** MATERIAL TO PROCESS follows **
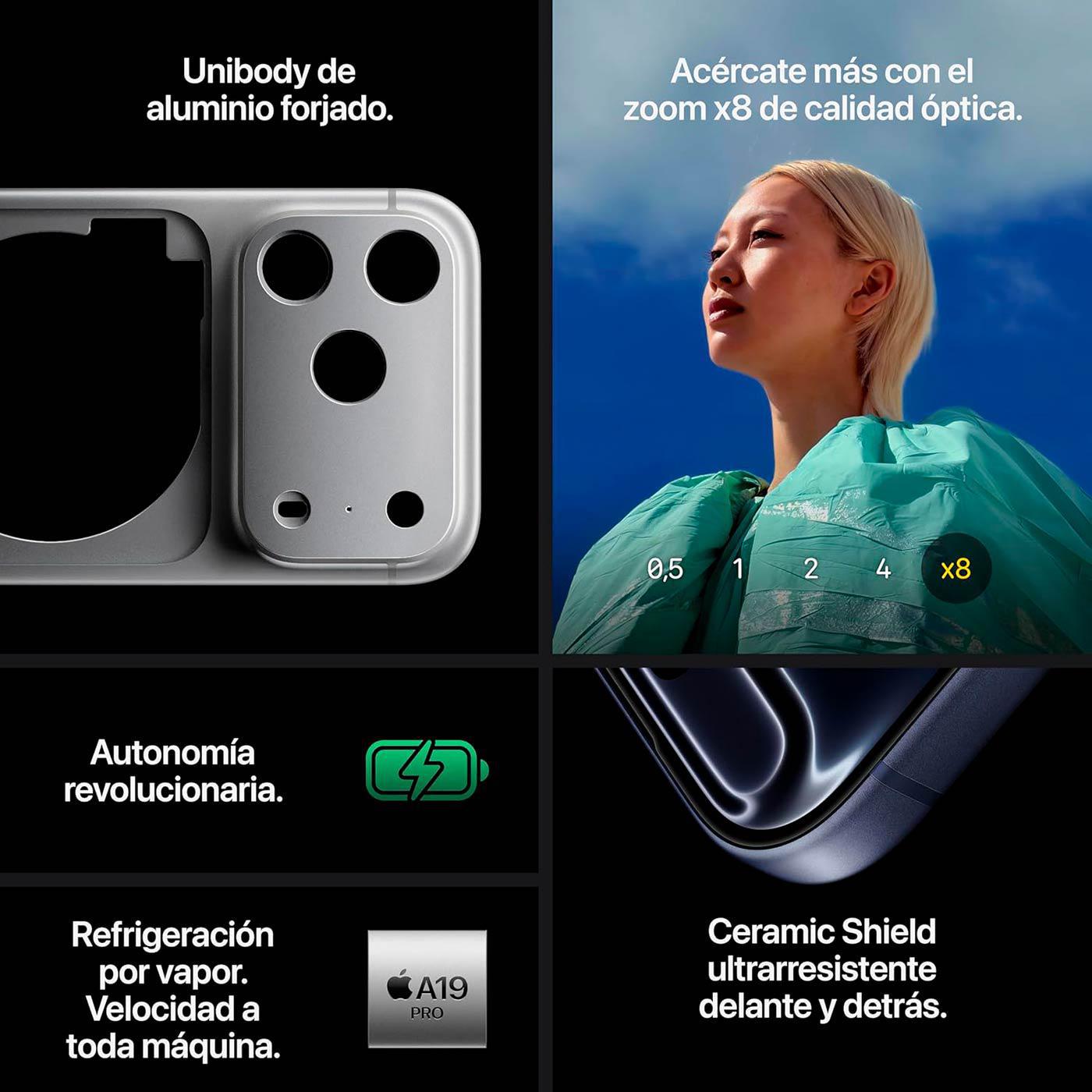 En su interior, el nuevo chip A19 Pro, con refrigeración por cámara de vapor, garantiza un rendimiento fluido incluso en tareas intensivas como juegos, edición de vídeo o realidad aumentada, y ofrece una autonomía mejorada gracias a su eficiencia energética optimizada.
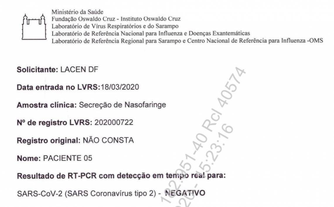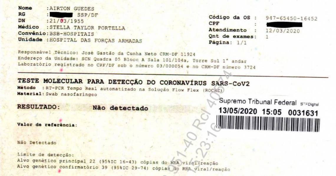 Em outro documento, também divulgado por determinação de Lewandowski, o coordenador de Saúde da Presidência, o urologista Guilherme Guimarães Wimmer, informou que recebeu em 6 de maio o resultado da Fiocruz referente à coleta feita quase dois meses antes, em 17 de março.
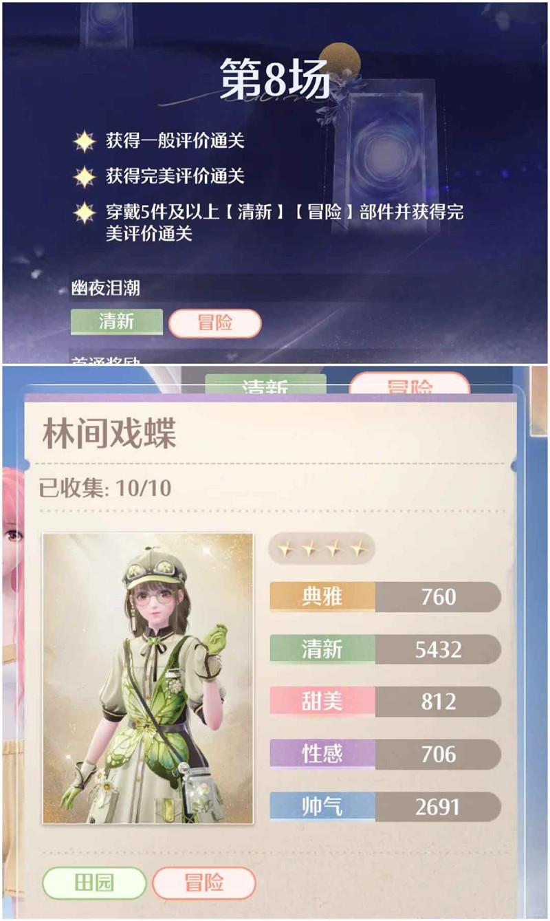 第八关:清新 冒险 五件 林间戏蝶为此属性 穿一整套焕新可完美三星通关 博主是一键气球套+五个林间部件完美通关。
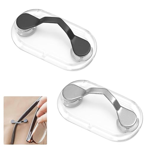 OMCGG 2PCS Magnetic Eyeglasses Holder, Stainless Steel Magnetic Glasses Clips Spectacle Holder for Glasses Sunglasses Reading Glasses ID Card ID Badge Eyewear Hook Earphones for Men Women
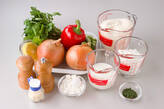 玉ネギ、赤パプリカを小麦粉と牛乳の<衣>に通し、<合わせパン粉>を付ける。
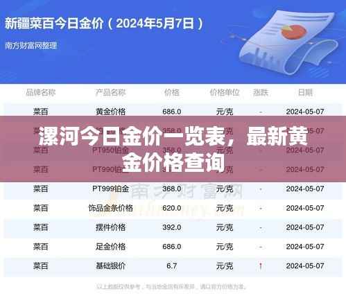 随着全球经济的不断发展和金融市场的日益繁荣,黄金作为一种重要的贵金属和投资工具,备受人们关注,漯河作为河南省的一个重要城市,其黄金市场的动态也备受关注,本文将为大家带来漯河最新金价查询表今日及相关内容。
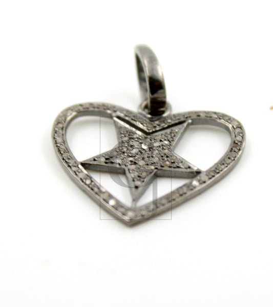Very beautiful love heart star design pendant Rosecut pave diamond 925 sterling silver handmade finish diamond jewelry necklace pendant
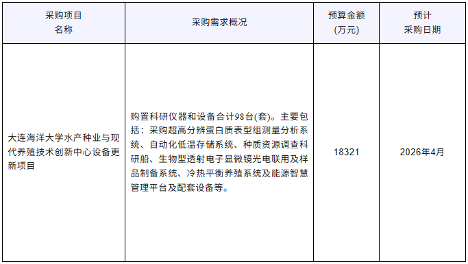 近期,大連海洋大學(xué)發(fā)布多項(xiàng)儀器采購(gòu)意向,采購(gòu)預(yù)算金額18321萬(wàn)元,涉及儀器設(shè)備包括超高分辨蛋白質(zhì)表型組測(cè)量分析系統(tǒng)、自動(dòng)化低溫存儲(chǔ)系統(tǒng)、種質(zhì)資源調(diào)查科研船、生物型透射電子顯微鏡光電聯(lián)用及樣品制備系統(tǒng)、冷熱平衡養(yǎng)殖系統(tǒng)及能源智慧管理平臺(tái)及配套設(shè)備等。預(yù)計(jì)采購(gòu)時(shí)間2026年4月。
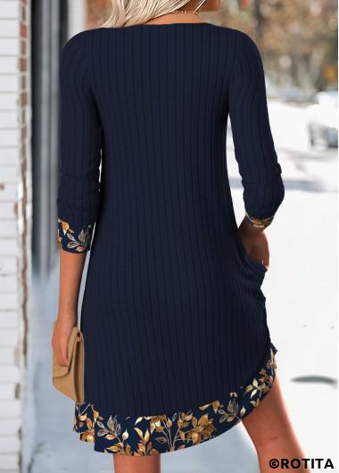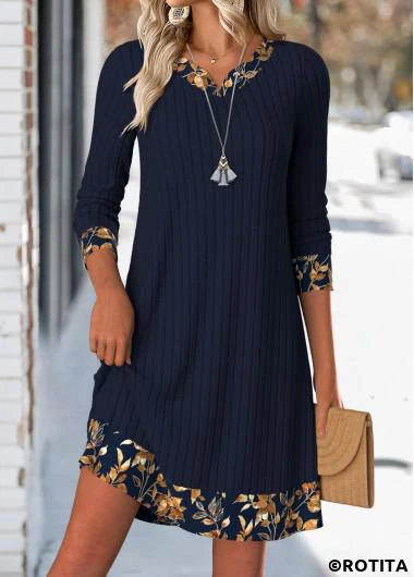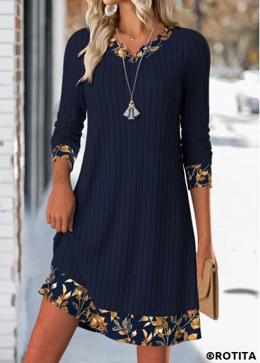 Home > Dresses/ ROTITA Tummy Coverage Leaf Print Navy Short V Neck Dress
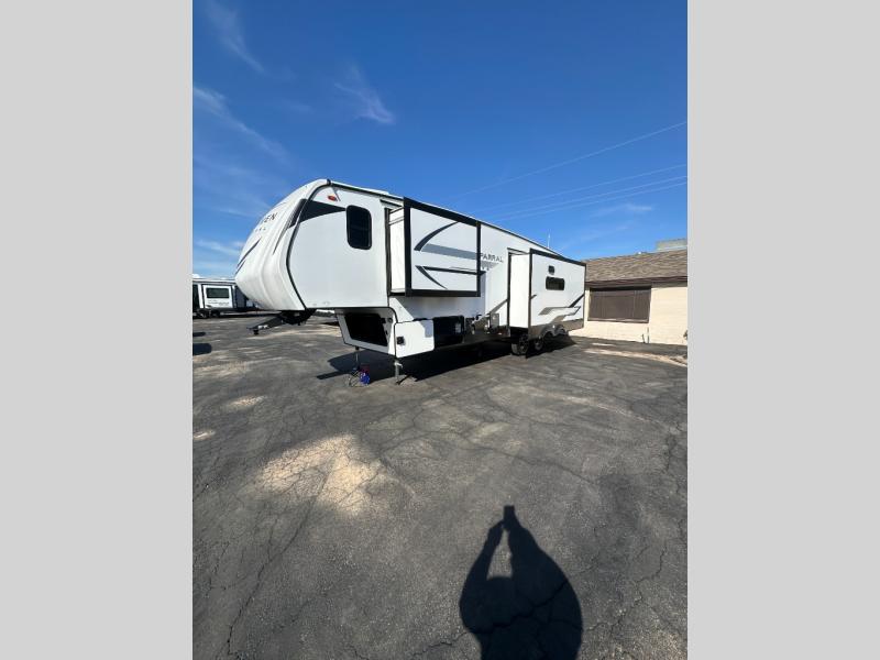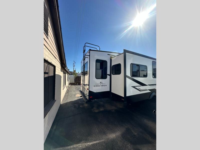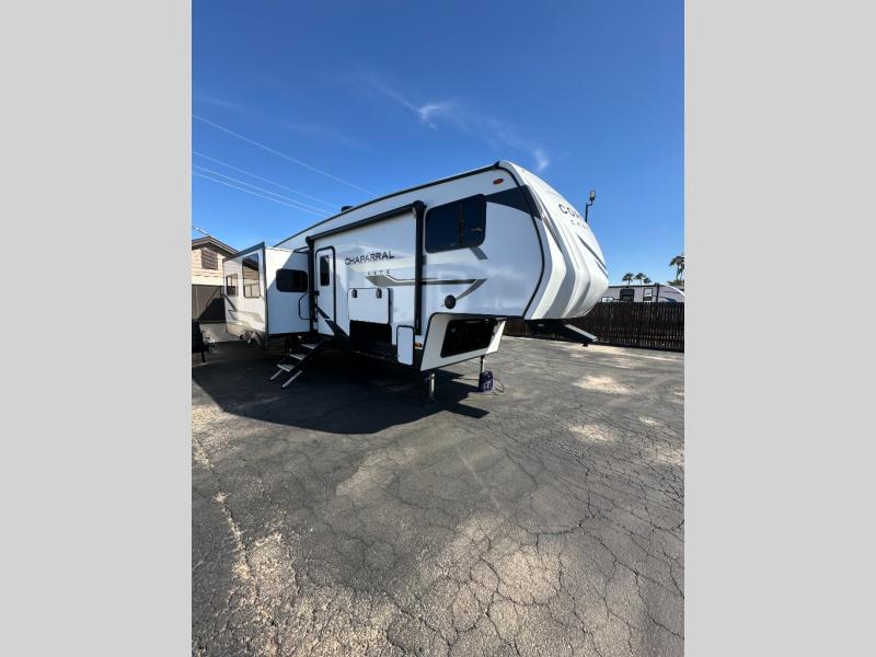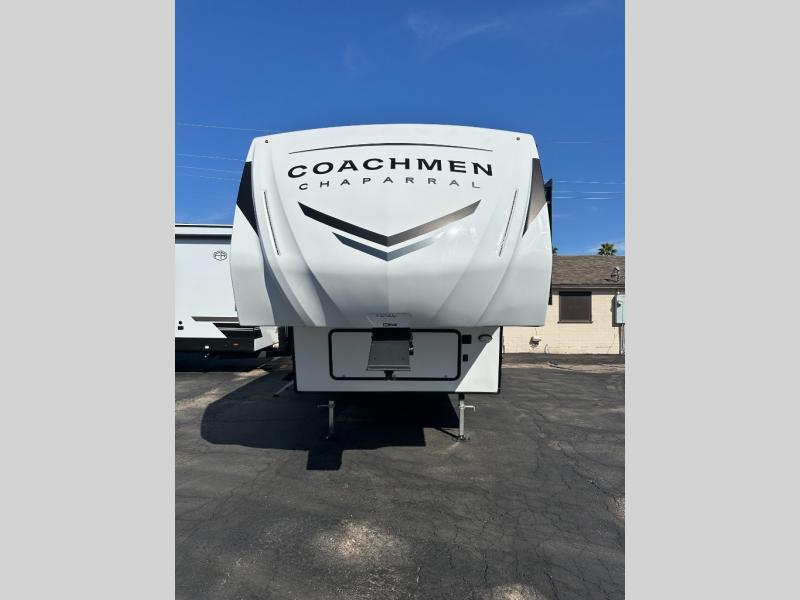 Comfort, convenience, and an easy haul is what you will find with each one of these Coachmen RV Chaparral Lite fifth wheels! Their Tri-Tex powder coated frame technology is up to 5X more weather resistant, and the dual-sided Azdel composite sidewall panels are ultra durable. The Road Armor suspension by Trail Air comes with heavy duty shackles and wet bolts so you can be sure it will hold up through every adventure, and you might want to add the exterior back-up and sideview camera prep for easy parking. You will feel right at home inside with slow rise blackout roller night shades, an upgraded Carbon and Walnut entertainment center, a modern high-rise kitchen faucet, and many more comforts! The exterior is just as inviting with its electric awning with LED lights, Solid Step entry steps, and pass-through storage for all your gear!
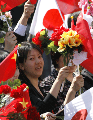 Chinese residents in Japan welcome Chinese President Hu Jintao upon his arrival at Tokyo's Haneda airport May 6, 2008. Hu began his five-day "warm spring" trip to Japan, aimed at boosting the strategic and mutually beneficial relationships between the two countries. [Agencies]
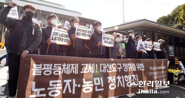 민주노총 제주본부와 전국농민회총연맹 제주도연맹, 전국여성농민회총연합 제주도연합은 2일 제주도청 앞에서 기자회견을 열고 "10대 대선 요구안 실현을 시작으로 노동자와 농민이 주인되는 세상을 만들어 가자"고 말했다.
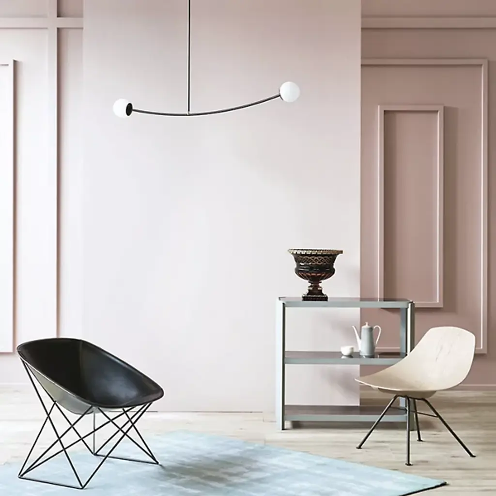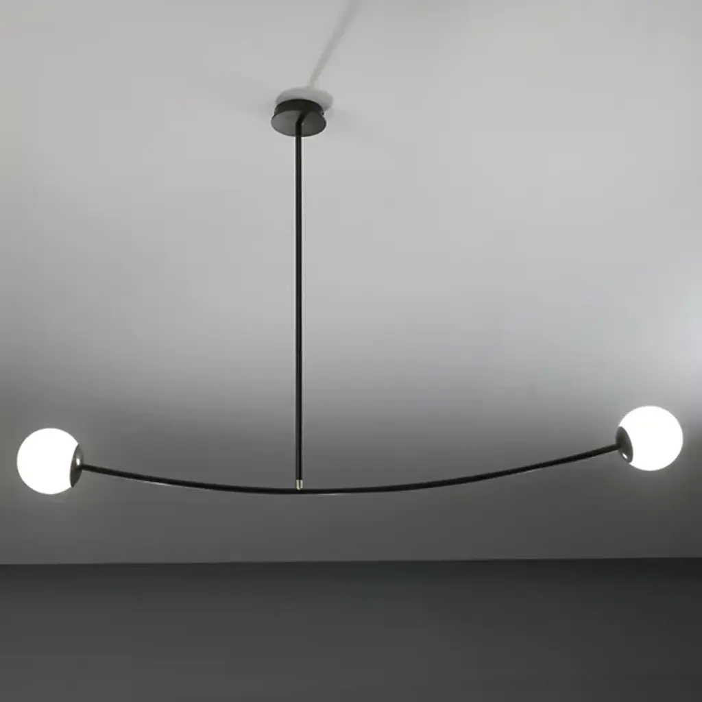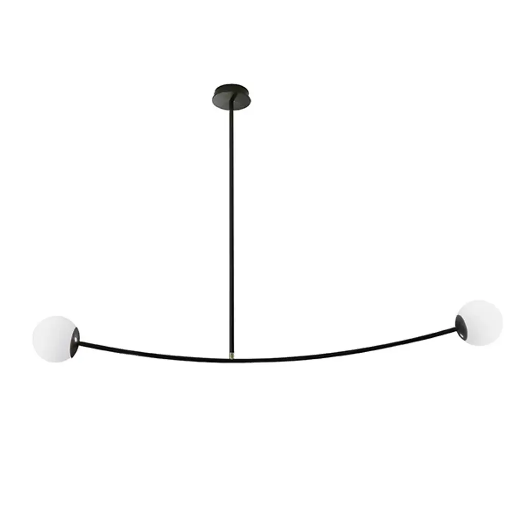 The Arch Linear Suspension from MM Lampadari sets an easy-going tone with an airy, mobile-like design inspired by the clean silhouettes of the 1970s. Designer Matteo Valenti's design focus is on beauty and refinement. Here, Valenti showcases the beauty of the pure line through a slender metal framework. The piece's arm arcs gently with globe shades at each end in a silhouette evocative of a dimpled smile. These opal-white glass spheres display a pristine glow with minimal glare. The multi-directional setup of these bright spheres translates to a sweeping ambient glow.
** End of MATERIAL TO PROCESS **
REQUIRED WORK: Restate all of the material word for word, leaving every picture out.

FINISHED TASK:
 En su interior, el nuevo chip A19 Pro, con refrigeración por cámara de vapor, garantiza un rendimiento fluido incluso en tareas intensivas como juegos, edición de vídeo o realidad aumentada, y ofrece una autonomía mejorada gracias a su eficiencia energética optimizada.
 Em outro documento, também divulgado por determinação de Lewandowski, o coordenador de Saúde da Presidência, o urologista Guilherme Guimarães Wimmer, informou que recebeu em 6 de maio o resultado da Fiocruz referente à coleta feita quase dois meses antes, em 17 de março.
 第八关:清新 冒险 五件 林间戏蝶为此属性 穿一整套焕新可完美三星通关 博主是一键气球套+五个林间部件完美通关。
 OMCGG 2PCS Magnetic Eyeglasses Holder, Stainless Steel Magnetic Glasses Clips Spectacle Holder for Glasses Sunglasses Reading Glasses ID Card ID Badge Eyewear Hook Earphones for Men Women
 玉ネギ、赤パプリカを小麦粉と牛乳の<衣>に通し、<合わせパン粉>を付ける。
 随着全球经济的不断发展和金融市场的日益繁荣,黄金作为一种重要的贵金属和投资工具,备受人们关注,漯河作为河南省的一个重要城市,其黄金市场的动态也备受关注,本文将为大家带来漯河最新金价查询表今日及相关内容。
Very beautiful love heart star design pendant Rosecut pave diamond 925 sterling silver handmade finish diamond jewelry necklace pendant
 近期,大連海洋大學(xué)發(fā)布多項(xiàng)儀器采購(gòu)意向,采購(gòu)預(yù)算金額18321萬(wàn)元,涉及儀器設(shè)備包括超高分辨蛋白質(zhì)表型組測(cè)量分析系統(tǒng)、自動(dòng)化低溫存儲(chǔ)系統(tǒng)、種質(zhì)資源調(diào)查科研船、生物型透射電子顯微鏡光電聯(lián)用及樣品制備系統(tǒng)、冷熱平衡養(yǎng)殖系統(tǒng)及能源智慧管理平臺(tái)及配套設(shè)備等。預(yù)計(jì)采購(gòu)時(shí)間2026年4月。
 Home > Dresses/ ROTITA Tummy Coverage Leaf Print Navy Short V Neck Dress
 Comfort, convenience, and an easy haul is what you will find with each one of these Coachmen RV Chaparral Lite fifth wheels! Their Tri-Tex powder coated frame technology is up to 5X more weather resistant, and the dual-sided Azdel composite sidewall panels are ultra durable. The Road Armor suspension by Trail Air comes with heavy duty shackles and wet bolts so you can be sure it will hold up through every adventure, and you might want to add the exterior back-up and sideview camera prep for easy parking. You will feel right at home inside with slow rise blackout roller night shades, an upgraded Carbon and Walnut entertainment center, a modern high-rise kitchen faucet, and many more comforts! The exterior is just as inviting with its electric awning with LED lights, Solid Step entry steps, and pass-through storage for all your gear!
 Chinese residents in Japan welcome Chinese President Hu Jintao upon his arrival at Tokyo's Haneda airport May 6, 2008. Hu began his five-day "warm spring" trip to Japan, aimed at boosting the strategic and mutually beneficial relationships between the two countries. [Agencies]
 민주노총 제주본부와 전국농민회총연맹 제주도연맹, 전국여성농민회총연합 제주도연합은 2일 제주도청 앞에서 기자회견을 열고 "10대 대선 요구안 실현을 시작으로 노동자와 농민이 주인되는 세상을 만들어 가자"고 말했다.
 The Arch Linear Suspension from MM Lampadari sets an easy-going tone with an airy, mobile-like design inspired by the clean silhouettes of the 1970s. Designer Matteo Valenti's design focus is on beauty and refinement. Here, Valenti showcases the beauty of the pure line through a slender metal framework. The piece's arm arcs gently with globe shades at each end in a silhouette evocative of a dimpled smile. These opal-white glass spheres display a pristine glow with minimal glare. The multi-directional setup of these bright spheres translates to a sweeping ambient glow.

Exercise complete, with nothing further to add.